'No hiding place for poor teaching'

28th November 1997 at 00:00
"This leaves poor quality teaching with no place to hide," Douglas Osler, senior chief inspector, said this week in summing up the new Scottish Office moves to develop value-added measures and relative ratings for school subject departments.

He was speaking as Donald Dewar, the Secretary of State, made his first appearance at an education press conference to launch this year's exam tables. Brian Wilson, the Education Minister, confirmed last week's TES Scotland report that a decision on whether raw results will be issued centrally in future years will be influenced by the attitude of his action group on standards.

Mr Wilson added: "To say that raw results carry a Government health warning is an understatement. The more we publish information which is superior to what we have at present, the more perverse it would be to place undue emphasis on information which can be downright misleading and which gives no credit to the superb work carried out by schools in areas of disadvantage."

But, while he is keeping an open mind on whether national publication of results is desirable, the Minister said he was not prepared to deny information to parents "just because it might be wrongly used".

Parents are now to have access to digestible data on departmental performance in their own school in a customised booklet entitled How good are our results? which is being sent to every school board. This will show how schools have added value to pupils' progress between Standard grade and Higher, and also how pupils perform in each Standard grade and Higher subject compared with their other subjects.
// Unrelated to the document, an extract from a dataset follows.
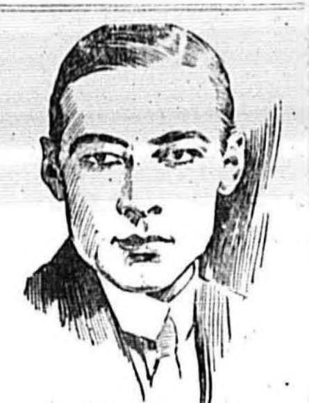
Rodolph Valentino The Gaiety Picture "The Young Rajah" At the Princess—on days—Friday and Saturday, Jan. 19th and 20th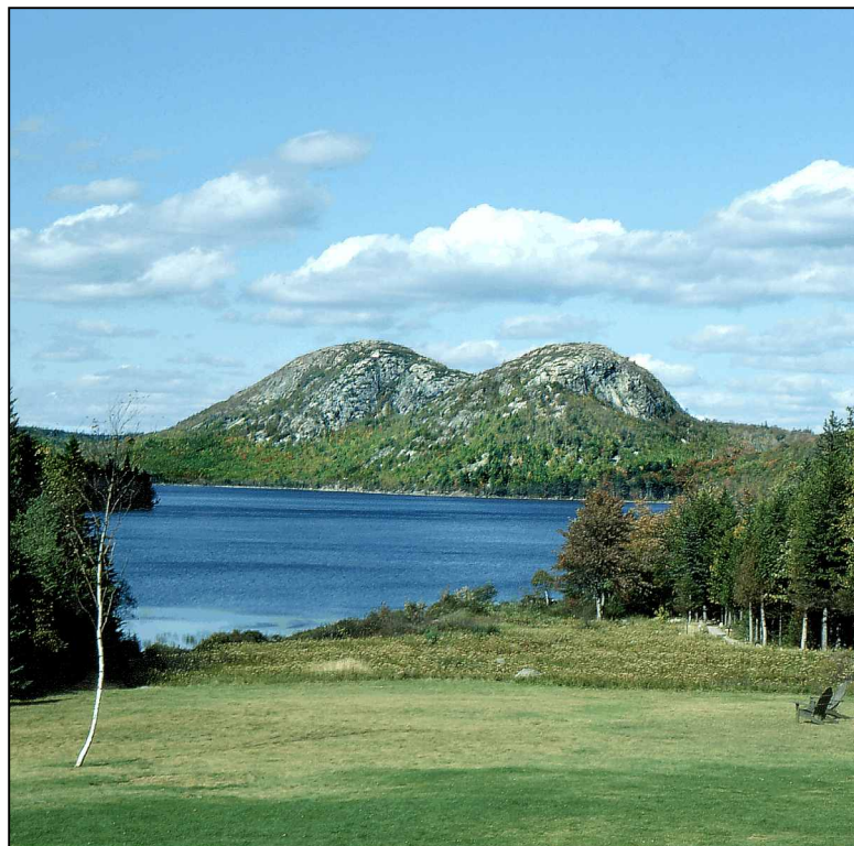
Figure 1: "The Bubbles" and Jordan Pond in Acadia National Park. These hills and valleys were sculpted by glacial erosion. The pond was dammed behind a moraine ridge during retreat of the ice sheet.

But Mr Osler and ministers were at pains to stress that the new information, which has been available internally to school staff for years in standard tables issued by the examination body, is not a weapon with which to hound teachers. "There are many factors which produce poor quality teaching," Mr Osler observed.

Mr Dewar commented: "This is not some kind of case for the prosecution, a charge sheet to be laid against individual teachers. Comparisons between departments may illustrate a need to take action, which may not necessarily be related to individual teachers."